# N64 Rom Hacking



## furrysalamander (Apr 30, 2015)

I know people have, in the past, made multiplayer hacks for Mario 64, as well as Jet Force Gemini, Banjo Tooie, and Ocarina of Time.  Does anyone have any knowledge as to how in depth this kind of ROM hacking is?  I am proficient at programming, and even if it was severely hacked together, I would love to make a ROM hack (or emulator plugin) to allow for two player coop of Donkey Kong 64 and Banjo Kazooie.  I have a friend that never owned an N64 and recently he agreed to play through them with me if I could find/make a mod that would allow us to play through them together.  I don't expect it to be easy, but surely there's some info out there, at least on where I should start?


----------



## Deleted User (May 3, 2015)

Mario 64's co-op was a scrapped beta feature so I'm not sure you could do it with those two unless they had co-op beta.
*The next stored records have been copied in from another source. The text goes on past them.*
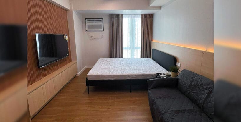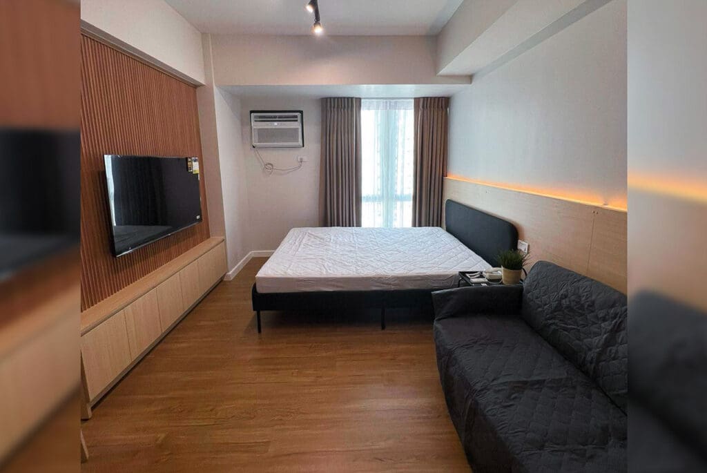 Inside the studio, a sophisticated ambiance welcomes your home. The open layout and high ceilings create an airy, uplifting atmosphere perfect for relaxation or inspiration. As the sun sets, soft golden hour light fills the room, and the glittering skyline of Cebu Business Park emerges through expansive windows. This Bright Brand-New Beautiful Studio for Rent isn’t just a place to live; it’s a lifestyle statement. It’s where you can host intimate wine nights with a view of the city lights or simply savor a peaceful moment above the urban fray.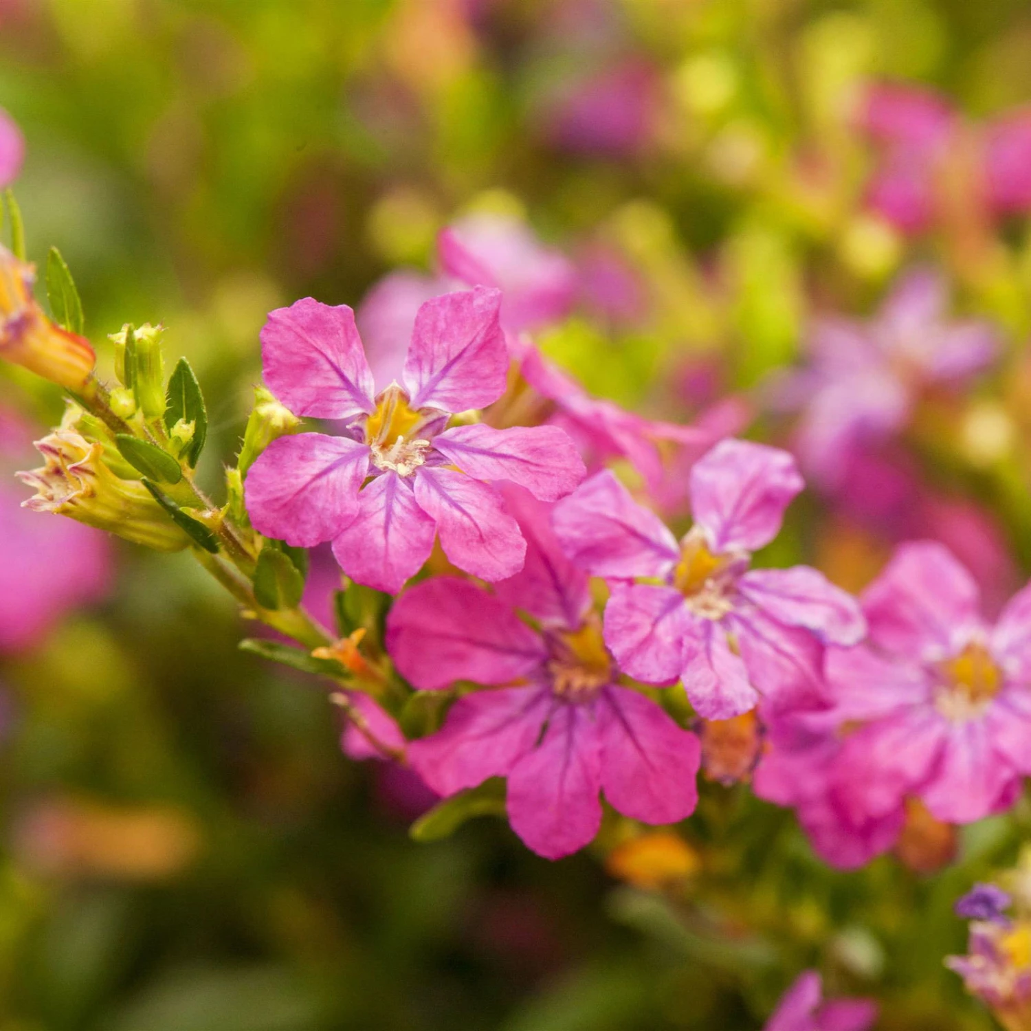 Die Japanische Scheinmyrte, Cuphea hyssopifolia, setzt mit ihren zarten, weißen Blüten charmante Akzente und macht in Ihrem Blumenbeet, im Balkonkasten oder im Kübel eine gleich gute Figur. Interessanterweise stammt diese Zierpflanze nicht aus Japan, sondern aus Südamerika und gehört zu den Köcherblümchen. Ideal sind ein warmer, sonniger oder halbschattiger Standort in Kombination mit einem lockeren, humosen und nährstoffreichen Substrat. Denken Sie daran, Staunässe und Trockenheit zu vermeiden. Unter optimalen Bedingungen blüht die Japanische Scheinmyrte ausdauernd über Monate hinweg. Die Cuphea hyssopifolia ist nicht winterhart und verträgt Temperaturen unter fünf Grad Celsius nicht gut. Zum Überwintern eignet sich ein heller und kühler Raum am besten.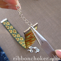 From there, I open another jump ring, place the extension chain and one end of the ribbon in it.

If you're interested in hacking other N64 games I'm offering $10 USD to whomever restores the maximum fight distance in the English version of Beast Wars Transmetals to match the Japanese version.


----------



## FAST6191 (May 3, 2015)

Missed this the first time around.

Anyway yeah scrapped features is usually the main source of such things. Shortly followed by abusing multiplayer modes or areas with some kind of co-op you can twist to the rest of the game.

The main problem you will run into, other than gameplay being balanced for fewer players, is lack of resources on the host system. Watch through a series like  and see what the devs were doing for N64 games (lots of streaming and working around system limitations being the main thing to take away from it).

Anyway your main character has a position in the world map and a render point. You then get to make a NPC or something with a separate control but rather than AI you get to take input from the controller and also render it to a spit screen type setup.

Personally I would sooner make some kind of multiplayer emulator setup rather than do it on hardware. Have a host emulator that holds NPC and player data, transmit that to a client emulator and have it render things accordingly and also have the client emulator sub in for the NPC AI. The concept has been seen in several things, including the SNES modem/xband stuff.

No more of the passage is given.